A tip on the hard drive replacement -- you don't actually need to pull out that ribbon cable from the circuit board at the top of the unit. You can work around it and it can be a bear to get that (or any) ribbon cable back in place. I'm a career network engineer (now retired), so I've dealt with quite a few ribbon cables in my time...if you can avoid removing them then avoid it!

Otherwise, it was a relatively easy and smooth install.

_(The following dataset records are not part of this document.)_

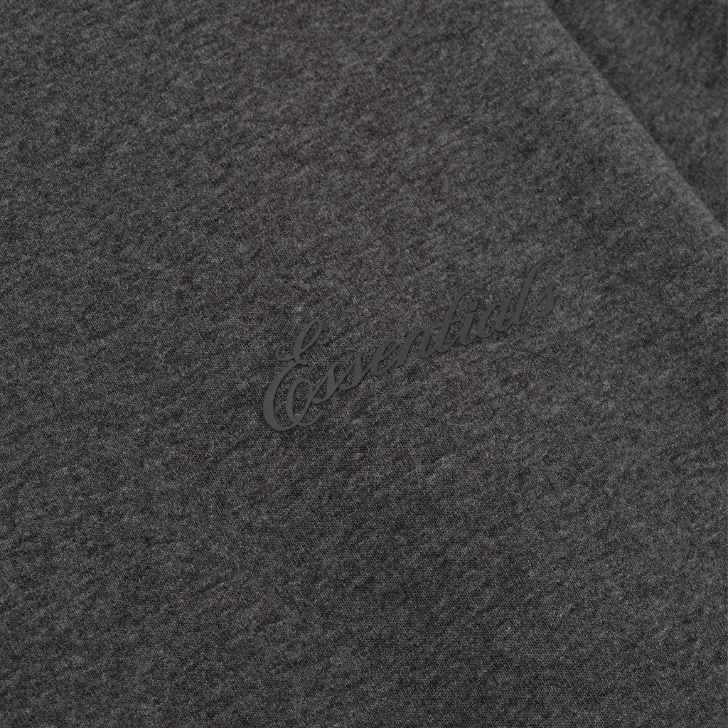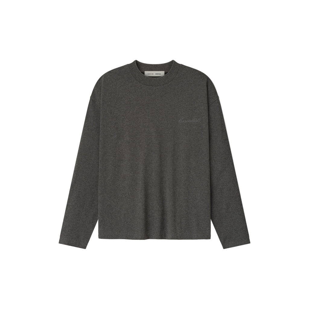The Fear of God Essentials Embroidered Classic Long Sleeve Tee in Charcoal Heather is made from medium-weight 100% cotton jersey with a relaxed, classic fit. It features a rib-knit crew neck and cuffs, an embroidered front logo, and a rubberized back label for a clean, minimalist look.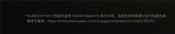 之前有跟大家讲过这支新发的 M-Pen 3 跟之前华为给平板出的 M-Pencil 属于不同的系列,从官网发布的信息来看,目前这支笔是 Mate XTs 独享的,其他平板和折叠屏暂时都还不支持。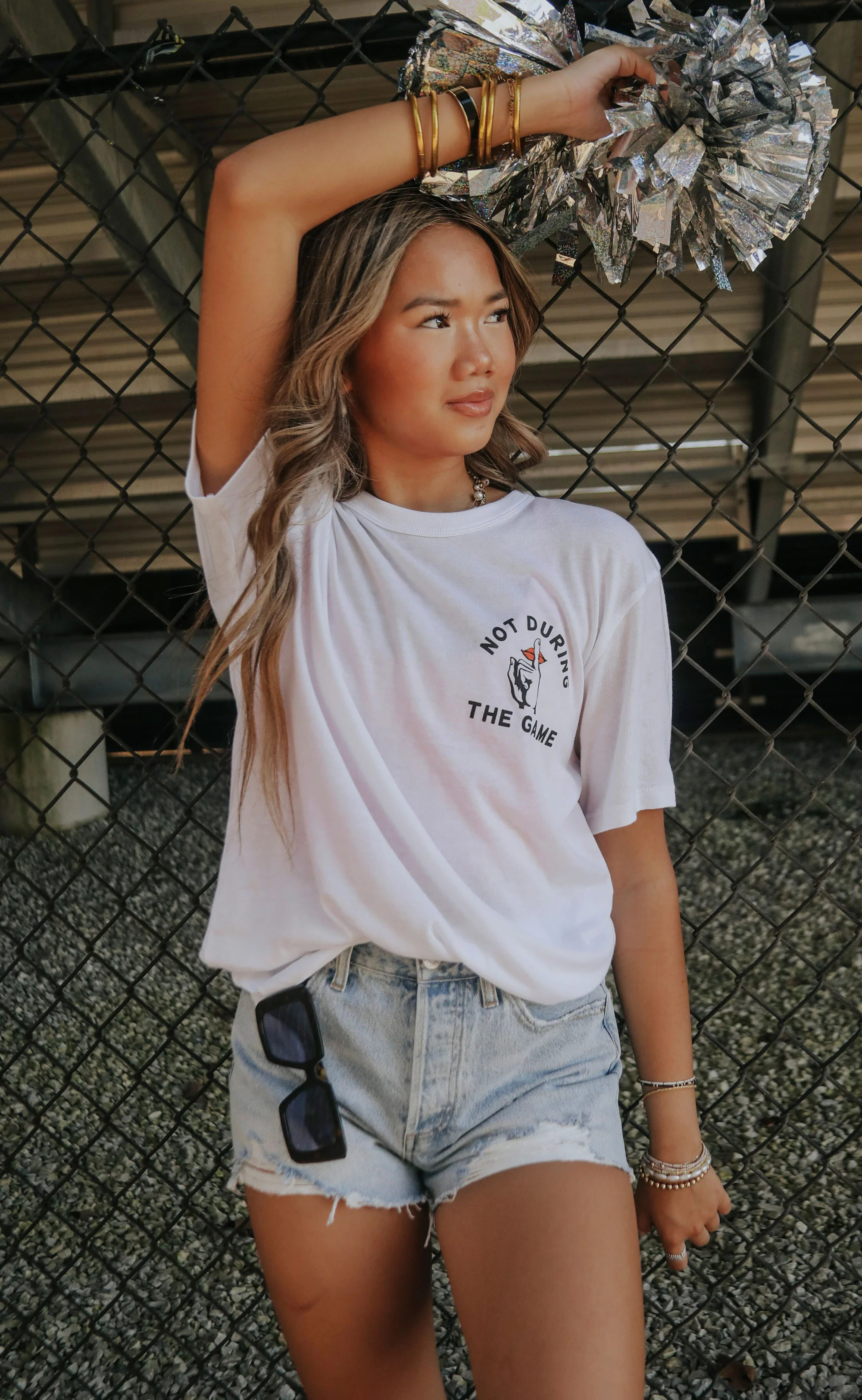 Let your tee do all the talking. This white blank adds something to everyone's closet with the adorable back graphic! Dress this one up with your favorite skirt and heels and you'll be ready to cheer on the quarterback!Â

The battery? Ugh. I felt like I was disassembling the entire unit! It was more tedious than difficult, but I get rather annoyed when a battery is not only not user replaceable, but very difficult or tedious for even a pro to replace. That's just bad design. LiIon batteries typically only last a few years. My GO700 is 6 years old, and yet it's just as usable as the first day I bought it. Obviously, the usable life of a GO700 is a lot longer than the life of the battery that they put in the center of the unit. Haha.

Another thing that annoys me is that I've seen videos on the internet of the GO700 successfully running Navcore v9.XX, but all TomTom will give us is Navcore v7.XX. I would pay a nominal fee to get the legal upgrade. Clearly, the GO700's hardware was before its time if it can run the latest Navcore, and I did pay $600 for my GO700, so it would be nice if TomTom would realize that we early adopters deserve a little more return on our original, overpriced investment.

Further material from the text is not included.